Aziz Enhaili: Quels étaient les fondements de sa politique de sécurité nationale?
Ignace Dalle: Un appareil répressif sophistiqué et efficace depuis 1973. Des soupapes avec une presse relativement libre et des formations politiques qui disposaient de quelques espaces de liberté dans les dernières années de sa vie. Mais la makhzénisation des partis a rendu l’appareil répressif plus incontournable que jamais.

Aziz Enhaili: Peut-on vraiment dire que c’est la question saharienne qui avait empoisonné ses relations avec l’Algérie et plombé la consolidation de l’UMA?
Ignace Dalle: La question saharienne n’a fait qu’aggraver les choses. La rivalité remonte au temps du colonialisme. L’Algérie n’a pas vraiment renvoyé la balle au Maroc qui l’avait beaucoup aidé et qui a sans doute été défavorisée par la décolonisation. Ensuite, du fait des orientations socialistes d’Alger, le dialogue était presque impossible. Je crois que l’Algérie a souvent jeté de l’huile sur le feu et qu’Hassan II a géré raisonnablement un dossier très difficile. 

Aziz Enhaili: Rétrospectivement, Hassan II avait-il raison de quitter l’OUA?
Ignace Dalle: Je n’ai pas vraiment d’opinion sur ce point, sinon que, d’un point de vue marocain, sa réaction se comprend.
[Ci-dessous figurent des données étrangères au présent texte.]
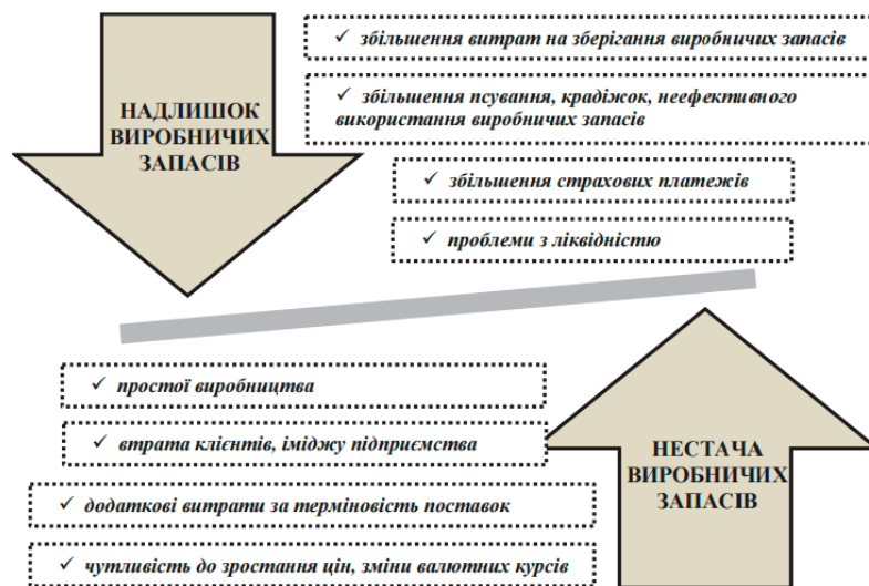
Рис. 2. Наслідки надлишку та нестачі виробничих запасів

Враховуючи цю позицію, очевидно, що для будь-якого суб'єкта господарювання небажаним явищем є як наявність надлишкових виробничих запасів, так і їх нестача. Зокрема, можливі наслідки для підприємства за умови наявності надлишкових виробничих запасів та їх нестачі представлено на рис. 2.

Aziz Enhaili: Qu’est-ce qui définissait la politique étrangère et les alliances internationales d’Hassan II?
Ignace Dalle: Quand on regarde l’évolution du monde arabe et de l’Afrique, qui, progressivement, se sont rangés du côté du monde occidental, on peut dire qu’Hassan II était très en avance sur son époque et sur la plupart de ses pairs. Evidemment, une monarchie est par nature plus proche du monde libéral que du monde socialiste. Hassan II était un réaliste qui avait su trouver les alliances indispensables à la fois à la survie de son régime et à la place du Maroc dans le monde. Même si c’était plus facile à l’époque de l’URSS et des deux grands blocs, plus personne ne conteste aujourd’hui la vision d’Hassan II en politique internationale. Elle a fait oublier en partie tout le reste beaucoup plus discutable.